Any system that is designed to coordinate the resource network must address the following technical challenges:

Scalability:
The coordination system must be able to deal with very large networks: networks containing tens of thousands of resources are feasible using current technology, and their size is likely to grow dramatically.
Real-time responsiveness:
Tasks are assumed to have real-time properties (e.g., deadlines for completion) that impose limits on how long the coordination system has available to assign the task to appropriate resources. In general, the coordination system must balance time it spends coordinating against time resources spend actually accomplishing tasks. Similarly, it must balance its own use of resources such as CPU time and communication bandwidth against the use of these resources to accomplish tasks.
Robustness:
The coordination system should tolerate intermittent resource and communication failures. In particular, the coordination system must tolerate the failure of resources on which it itself depends. Clearly, if all of the resources fail, the coordination system will not be able to compensate, but partial resource failure should result in graceful degradation of the network's performance rather than total collapse.
Efficiency:
The coordination system should incur low resource consumption costs (e.g., low communication usage). In particular, when the load on the network is low, the coordination system should incur almost zero costs.
Effectiveness:
The effectiveness of the coordination system may be characterized in two regimes. (1) When the load on the network is low, the coordination system should ensure that every task is accomplished with high quality (e.g., each target is tracked accurately). (2) When the load on the network is high, the network may not be able to accomplish all of the tasks with high quality. Nevertheless, because each task is considered to be of high-value, the coordination system should strive to ensure that the resources perform as well as could be expected, taking into account the tasks' real-time constraints. In other words, it is worthwhile developing a coordination system that will perform better than, say, a simple heuristic system.
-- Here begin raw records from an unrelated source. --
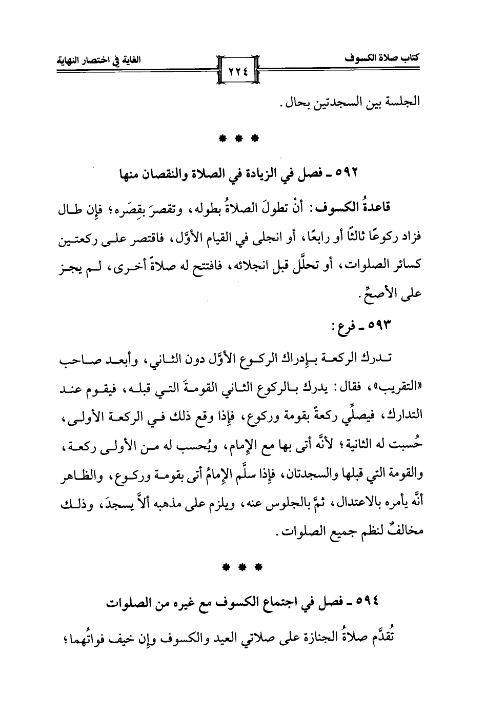 قاعدةُ الكسوف: أنْ تطولَ الصلاةُ بطوله، وتقصرَ بقِصَره؛ فإِن طال فزاد ركوعًا ثالثًا أو رابعًا، أو انجلى في القيام الأوَّل، فاقتصر على ركعتين كسائر الصلوات، أو تحلَّل قبل انجلائه، فافتتح له صلاةً أخرى، لم يجز على الأصحِّ.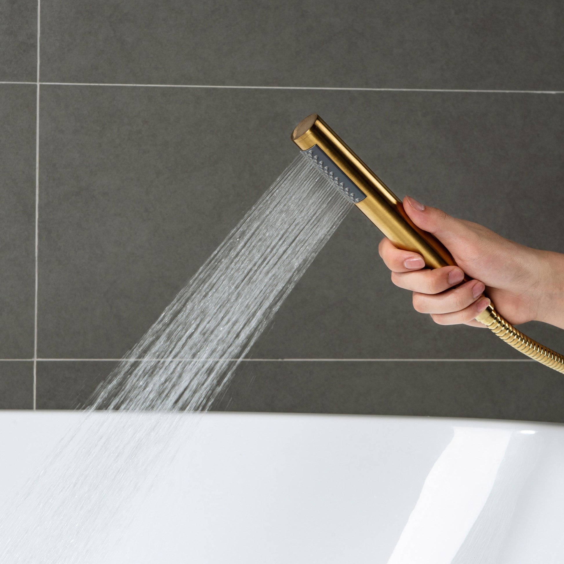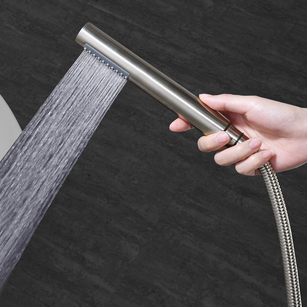 ? [HANDSHOWER AND HOSE]: Contemporary and comfortable round wand hand shower with 67 clogged free nozzles is equip with a matching 60-inch double spiral stainless steel shower hose for rinsing down the tub or rinsing off after the bath.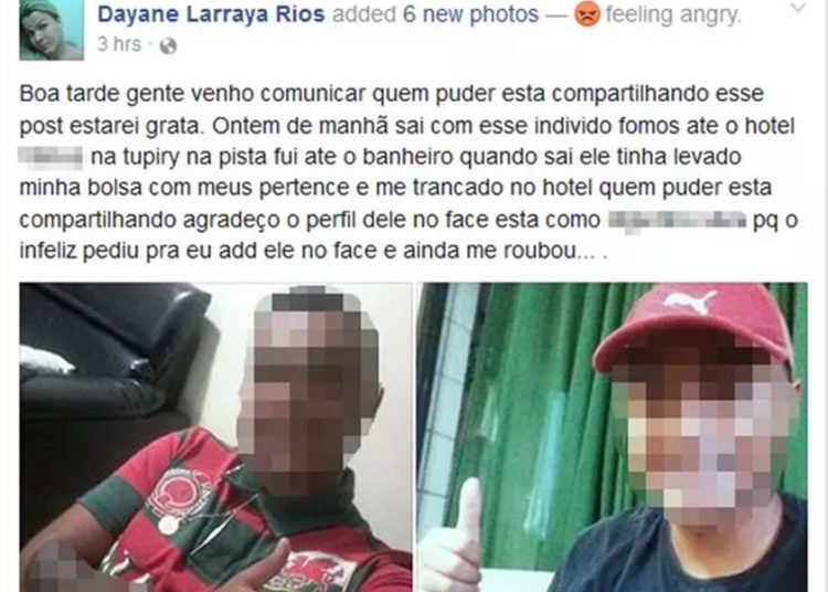 Revoltada com a situação, ela fez postagens em grupos nas redes sociais estampando o rosto do suposto assaltante pedindo a devolução dos pertences. O caso aconteceu no último domingo, 8.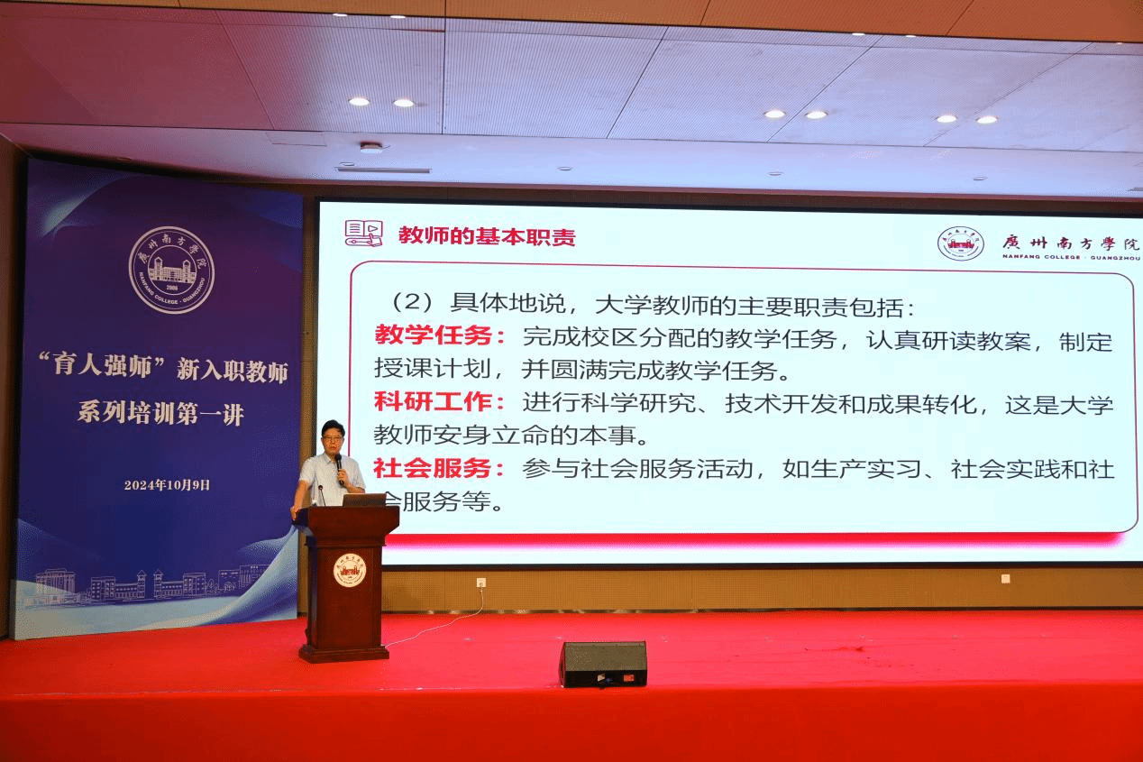 曹广福副校长围绕“教师的基本职责”、“如何站好三尺讲台”、“如何管理课堂”三方面,探讨如何提升新入职教师的教学技能和专业素养。他强调,教师作为学生的引路人,应当以促进学生全面发展为己任,不仅传授知识,更要关注学生的个性化成长和情感需求。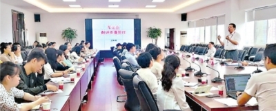 军运会特聘翻译专家正在给翻译工作人员培训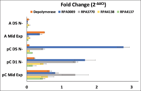 | Figure 2: Fold change of the four predicted phasins (RPA0089, RPA3770, RPA4137, and RPA4138) and PHB depolymerase from Rhodopseudomonas palustris cells grown on p-Coumarate and acetate (a) at mid-exponential (Mid Exp), 1 day past nitrogen starvation (D1 N-), and 5 days past nitrogen starvation (D5 N-). All experiments were conducted with at least three biological replicates and five technical replicates. P < 0.05 was applied to filter statistically significant results. Error bars are the calculated standard deviations based on the population. [Click here to view] |

Dynamic loads & phase transitions:
When a network is lightly loaded, it is expected that assigning the tasks to resources will be computationally easy (since there are lots of assignments which are satisfactory). When a network is over-loaded, determining that there is no way to assign all of the tasks may also be computationally easy, because the requirements imposed by tasks quickly reduce the search space of possible assignments.
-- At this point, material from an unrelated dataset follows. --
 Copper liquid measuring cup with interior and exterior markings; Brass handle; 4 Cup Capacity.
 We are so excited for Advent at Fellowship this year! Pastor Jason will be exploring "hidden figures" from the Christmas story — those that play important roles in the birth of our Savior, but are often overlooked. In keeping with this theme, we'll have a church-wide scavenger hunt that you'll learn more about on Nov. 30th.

In contrast, when the network is critically loaded, the computational costs may become much greater: if the load is just below critical, the number of ways to assign all of the tasks to resources is small and so finding one is difficult; if the load is just above critical, determining that the tasks' requirements are not met by any assignment may take a long time.

This peak in the computational complexity near some critical region is called a phase transition. The practical ramifications of the existence of phase transitions is that the coordination system must find ways to avoid the critical regions if it is to achieve real-time responsiveness as the load varies.